The Issue
The reported rise in total loss claims for prestige vehicles presented by accident management firms is perhaps an area for concern. Whilst case law does not require a party to utilize their own insurance policy in a non-fault accident, it does tingle the fraud sensor when the claim is presented by an unknown Accident Management firm. The QGLaw Counter-Fraud Team has recently handled a good example of this.
Brief Summary of Facts
The policyholder claimed, through the Accident Management Firm, that he had been involved in an RTA that occurred on a country lane. He initially told the GAP insurer he was returning from football, though in a later call stated that the accident occurred when he was returning home from seeing a friend. The discrepancy was small but sufficient to alert the GAP TPA to undertake a fraud validation.
The Investigation
Detailed further enquiries established that the policyholder was not being truthful as to why he was at the location when the alleged accident occurred and two further lines of enquiry proved to be of great assistance:
The QG Intelligence database enquiries confirmed that the policyholder had been investigated for two previous suspected fraudulent insurance claims and Police Scotland were able to share significant intelligence confirming the policyholder’s association with organised crime
The result
QG Law declined the GAP claim on the grounds of fraud and that declinature has met with no challenge.
We are now about to pursue a recovery for the motor insurer that paid the primary claim.
Key Practice points: the Key Fraud indicators
- While a policyholder is under no obligation to utilise their own policy and there may be legitimate reasons not to do so, this could be a warning flag to consider when a claim is presented and may lead to a fraud finding through further investigation.
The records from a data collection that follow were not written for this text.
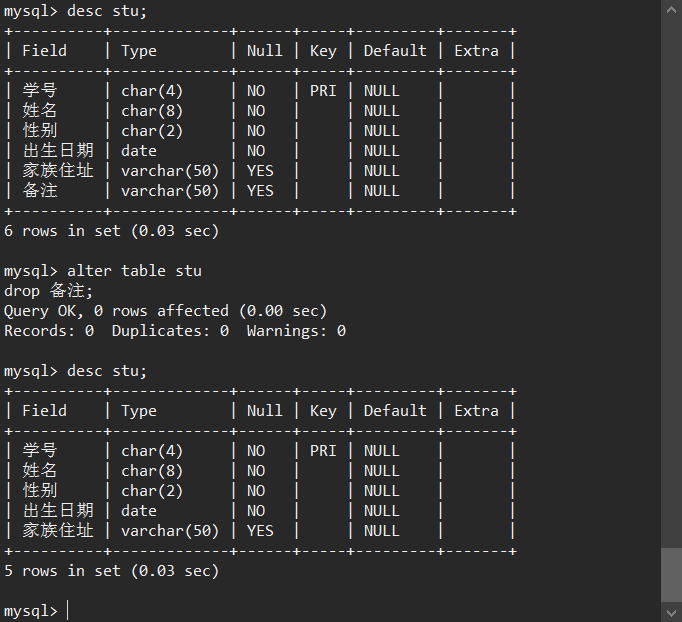 7删除表stud的“备注”列。
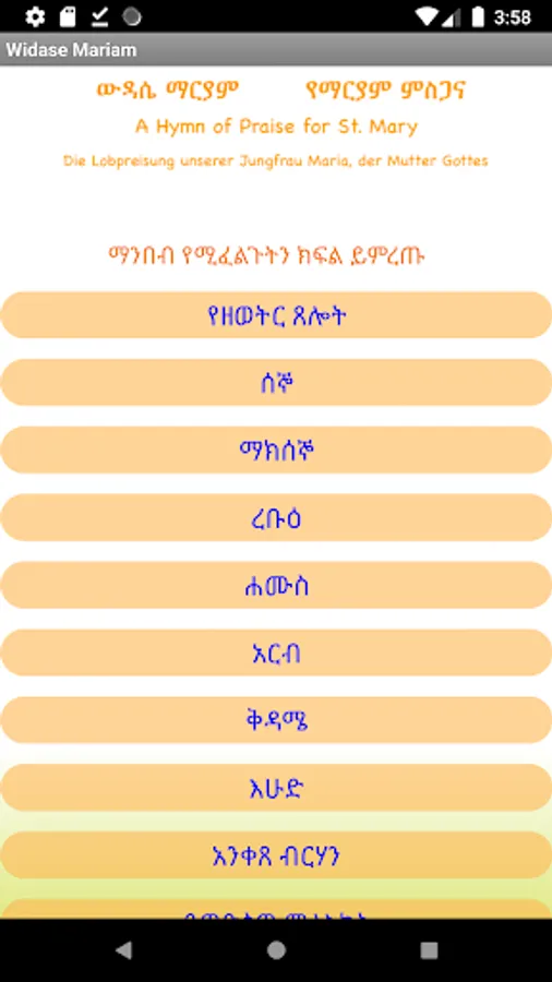 According to the Ethiopian Orthodox Tewahedo Church curriculum, students continue to pray in the vocabulary section of the subject and continue to learn this praises through reading and hymn.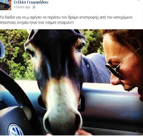 Η Κύπρια τραγουδίστρια ανέβασε και μία χιουμοριστική φωτογραφία με την ίδια να δίνει ένα τσαμπί σταφύλι σε ένα γαϊδουράκο ως διόδια για να την αφήσει να επιστρέψει από τον κατεχόμενο Απόστολο Ανδρέα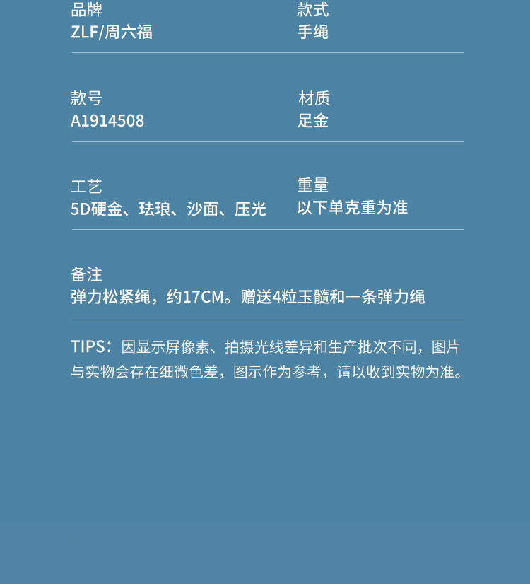周六福黄金玉髓手串女款5d硬金定价足金手绳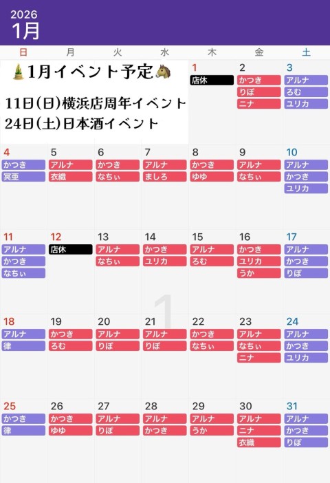 2026幎1æ ãã£ã¹ãã絊ä»äºå®è¡š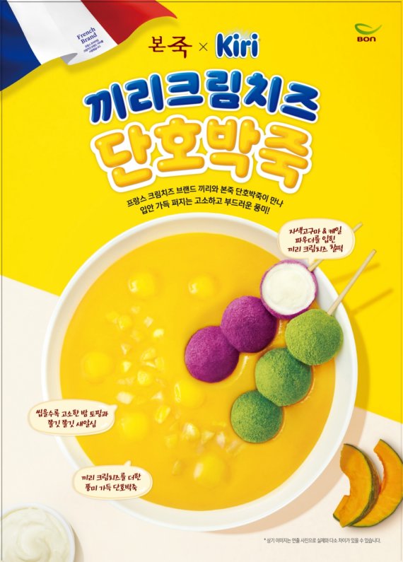 이들 신메뉴는 단호박과 곤드레, 전복 등 영양가 풍부한 가을 제철 식재료로 건강도 챙기고 입맛도 사로잡을 메뉴로 구성됐다. '끼리 크림치즈 단호박죽'은 프랑스 크림치즈 브랜드인 '끼리'와 협업해 본죽의 스테디 셀러 메뉴인 단호박죽에 풍미를 더한 이색 메뉴다. 끼리 크림치즈찰떡꼬치는 단품으로도 구매 가능하다. 본죽&비빔밥에서는 가을의 맛과 향을 담은 곤드레 나물에 가을 제철 국내산 참전복과 고소한 전복내장 소스 영양밥을 더한 '곤드레 전복영양밥'을 가을 한정으로 선보인다.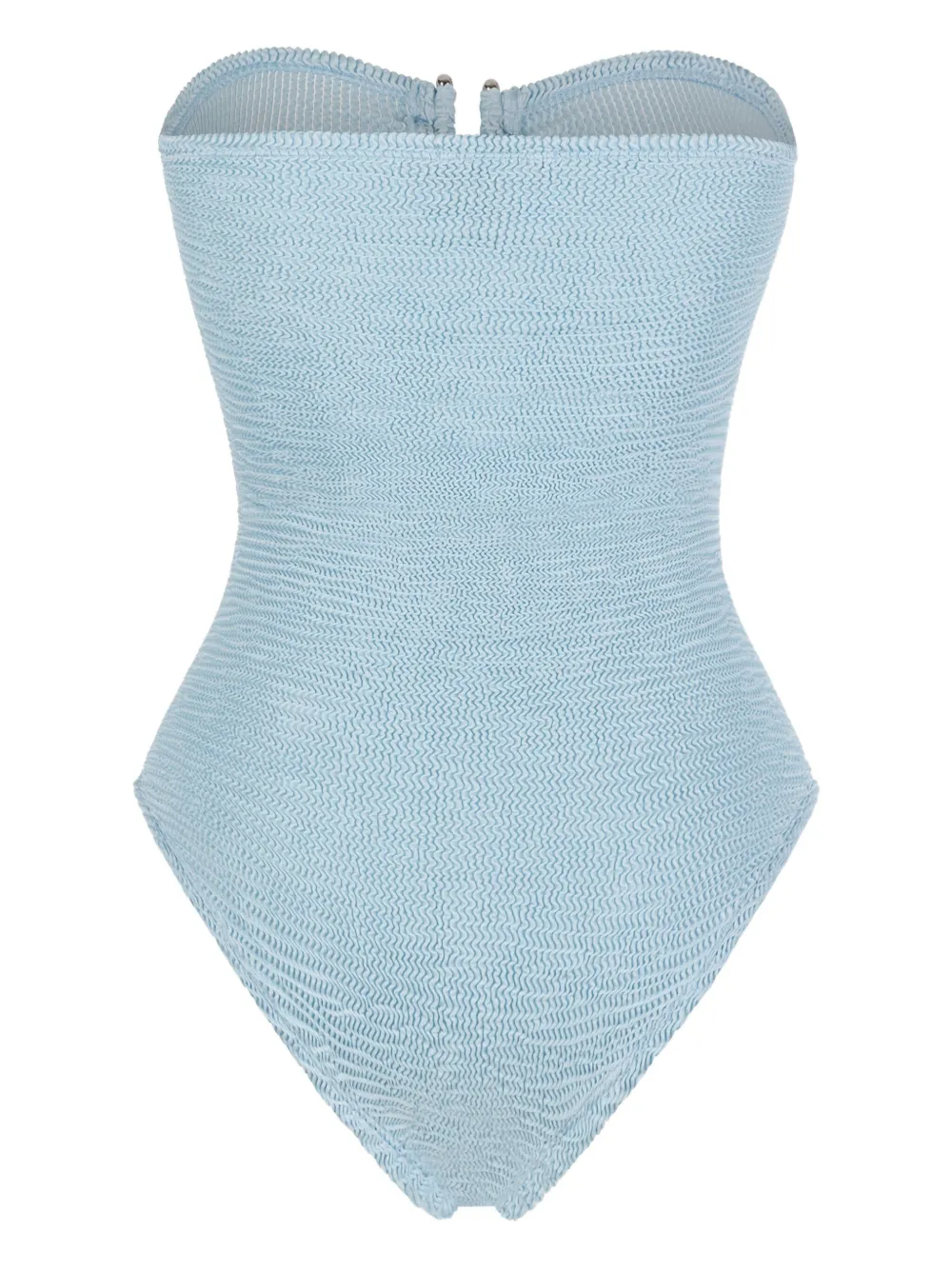 lichtblauw stof met textuur strapless design U-Bar haak aan de voorkant Zwemkleding moet over je eigen kleding worden aangepast.

- The total loss claim occurred towards the end of the 3-year GAP policy term
- A substantial claim value of £160k
- The total loss was based on a desktop assessment completed by an engineer instructed by an Accident Management firm known for sub-standard reporting
- A previous policy in the name of the policyholder had been cancelled at the request of the police with reference to criminality
All these indicators were identified by QGLaw, resulting in a substantial saving of £60k for the client.